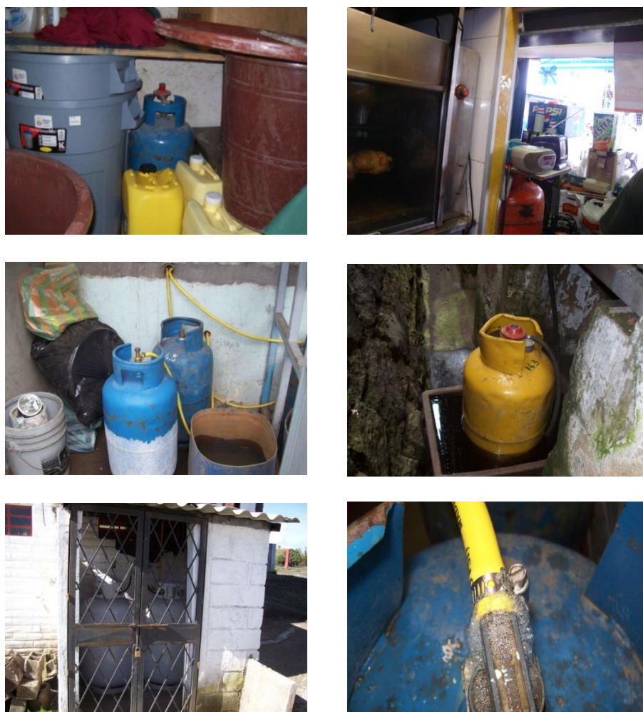
Figura 3: Recipientes de GLP a) cerca de fuentes de ignición b) rodeado de elementos combustibles c) con falta de vaporización d) ubicado en tina con agua caliente e) sin señalización ni elementos de prevención f) con accesorios en mal estado.

Todos los accesorios tienen una determinada vida útil, la cual no siempre es respetada por los usuarios que pretenden extenderla lo más posible. En la Figura 3f se puede apreciar la fuga del combustible a través de la manguera de conexión al cilindro.
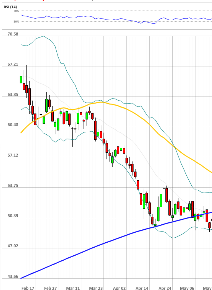
USD/RUB Daily Chart Current price: 49.05

Быки сохраняют значительное численное превосходство над медведями, занимая 75% от всего рынка SWFX, что на четыре процентных пункта выше уровня на утро понедельника.
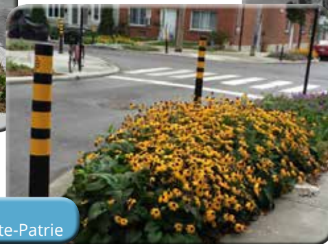
Saillies de trottoir Arrondissement Rosemont-La Petite-Patrie
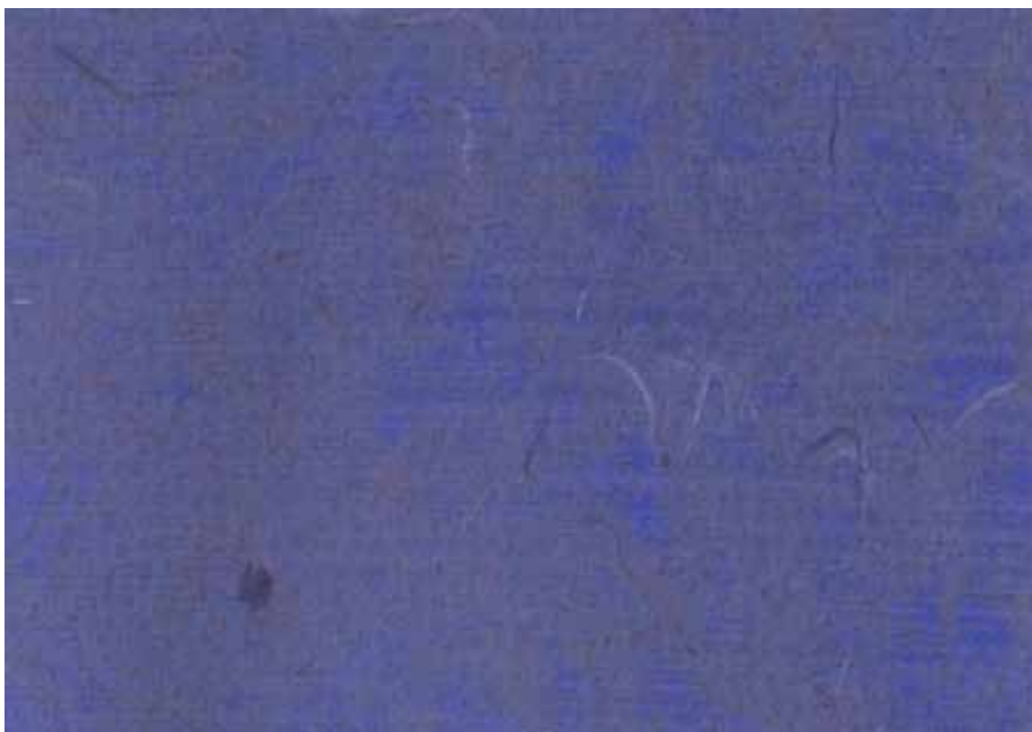
COLORE N° C (BLU CHIARO)
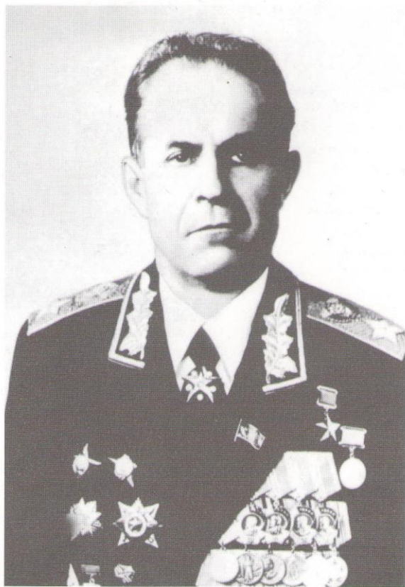
Маршал Советского Союза Сергей Федорович АХРОМЕЕВ (1923 – 1991)

Удостоен звания Героя Советского Союза за заслуги перед Отечеством, 1982 г.
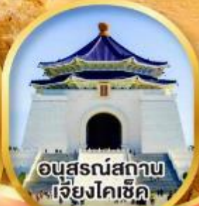
อนุสรณ์สถาน เจียงไคเช็ค
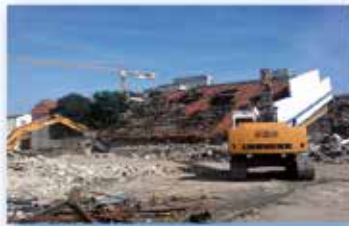
Guyot 1 Montreuil
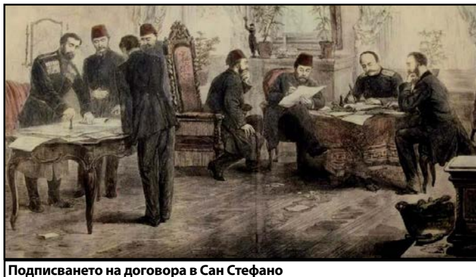
Подписването на договора в Сан Стефано

и народи знаят какво правят в собствената си държава за своята нация! Или има някакво друго мнение по този въпрос?
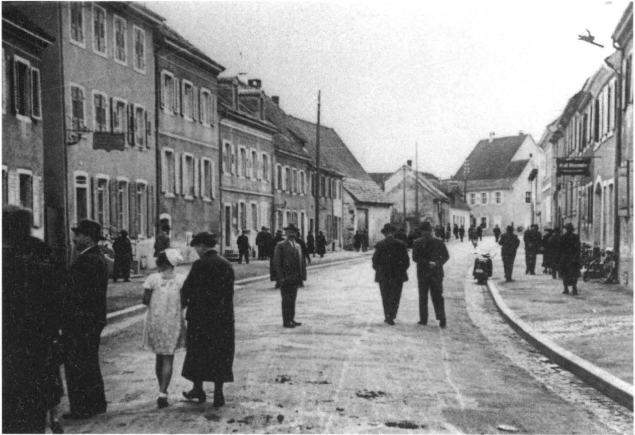
Abb. 6 Die Breisacher Judengasse um 1937 (Bähr)

Schon vor ihrer Vereinigung mit der Israelitischen Religionsgemeinschaft von Nordbaden hatte die südbadische Landesgemeinde das neben dem alten jüdischen Friedhof gelegene Häuschen, in dem früher der Synagogendiener gewohnt hatte, an einen Breisacher Bürger veräußert. Nur die Hälfte der Wohnhäuser, die die Reichsfinanzverwaltung im Nordteil der Unterstadt konfisziert hatte, ist in den Jahren 1949-1953 an ihre früheren Besitzer oder deren Erben restituiert worden. 6
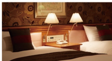
ホテル アゴーラ リージェンシー 大阪堺
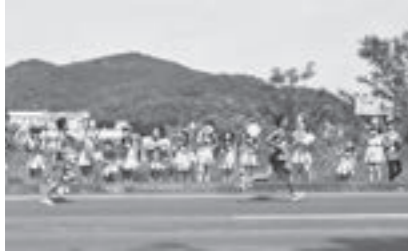
▲ランナー応援隊の皆さん

....................

[What is being asked]:
Where the string "Breisacher" occurs in a line of the material above, copy the whole line.

[Written solution]:
Abb. 6 Die Breisacher Judengasse um 1937 (Bähr)
Schon vor ihrer Vereinigung mit der Israelitischen Religionsgemeinschaft von Nordbaden hatte die südbadische Landesgemeinde das neben dem alten jüdischen Friedhof gelegene Häuschen, in dem früher der Synagogendiener gewohnt hatte, an einen Breisacher Bürger veräußert. Nur die Hälfte der Wohnhäuser, die die Reichsfinanzverwaltung im Nordteil der Unterstadt konfisziert hatte, ist in den Jahren 1949-1953 an ihre früheren Besitzer oder deren Erben restituiert worden. 6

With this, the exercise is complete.